Ceph Tuning
Modifying Ceph Configuration
- Purpose
Adjust the Ceph configuration to maximize system resource usage.
- Procedure
You can edit the /etc/ceph/ceph.conf file to modify all Ceph configuration parameters. For example, you can add osd_pool_default_size = 4 to the /etc/ceph/ceph.conf file to change the default number of copies to 4 and run the systemctl restart ceph.target command to restart the Ceph daemon process for the change to take effect.
The preceding operations take effect only on the current Ceph node. You need to modify the ceph.conf file on all Ceph nodes and restart the Ceph daemon process for the modification to take effect on the entire Ceph cluster. Table 1 describes the Ceph optimization items.

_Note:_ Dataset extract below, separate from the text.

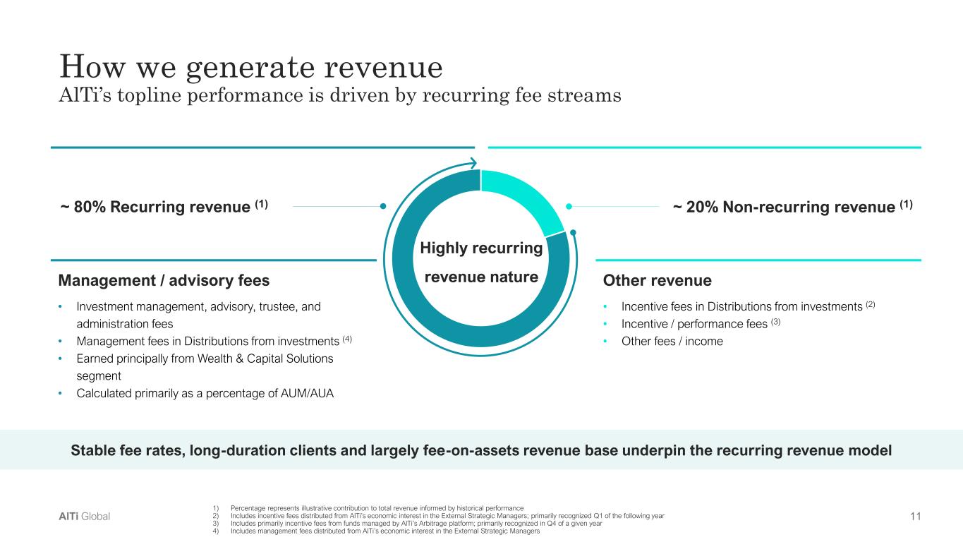 11AlTi Global How we generate revenue AlTi’s topline performance is driven by recurring fee streams ~ 80% Recurring revenue (1) ~ 20% Non-recurring revenue (1) Management / advisory fees • Investment management, advisory, trustee, and  administration fees • Management fees in Distributions from investments (4) • Earned principally from Wealth & Capital Solutions  segment • Calculated primarily as a percentage of AUM/AUA Other revenue  • Incentive fees in Distributions from investments (2) • Incentive / performance fees (3) • Other fees / income 1) Percentage represents illustrative contribution to total revenue informed by historical performance 2) Includes incentive fees distributed from AlTi’s economic interest in the External Strategic Managers; primarily recognized Q1 of the following year   3) Includes primarily incentive fees from funds managed by AlTi’s Arbitrage platform; primarily recognized in Q4 of a given year 4) Includes management fees distributed from AlTi’s economic interest in the External Strategic Managers Stable fee rates, long-duration clients and largely fee-on-assets revenue base underpin the recurring revenue model Highly recurring  revenue nature
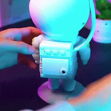 What sets our night light apart is its adorable astronaut design, paired with a stunning array of nebula effects. With 8 different nebula settings to choose from, and the ability to adjust brightness and speed, you can customize the lighting to suit your mood or create the perfect atmosphere for any occasion. The astronaut’s head rotates 360 degrees, allowing for multi-angle lighting and easy adaptation to any space. Whether standing or sitting, this astronaut is ready to illuminate your world.

Table 1 Ceph parameter configuration Parameter
Description
Suggestion
[global]
cluster_network
You can configure a network segment different from the public network for OSD replication and data balancing to relieve the pressure on the public network.
Recommended value: 192.168.4.0/24
You can set this parameter as required as long as it is different from the public network segment.
public_network
Recommended value: 192.168.3.0/24
You can set this parameter as required as long as it is different from the cluster network segment.
osd_pool_default_size
Number of copies
Recommended value: 3
osd_memory_target
Size of memory that each OSD process is allowed to obtain
Recommended value: 4294967296
For details about how to optimize other parameters, see Table 2.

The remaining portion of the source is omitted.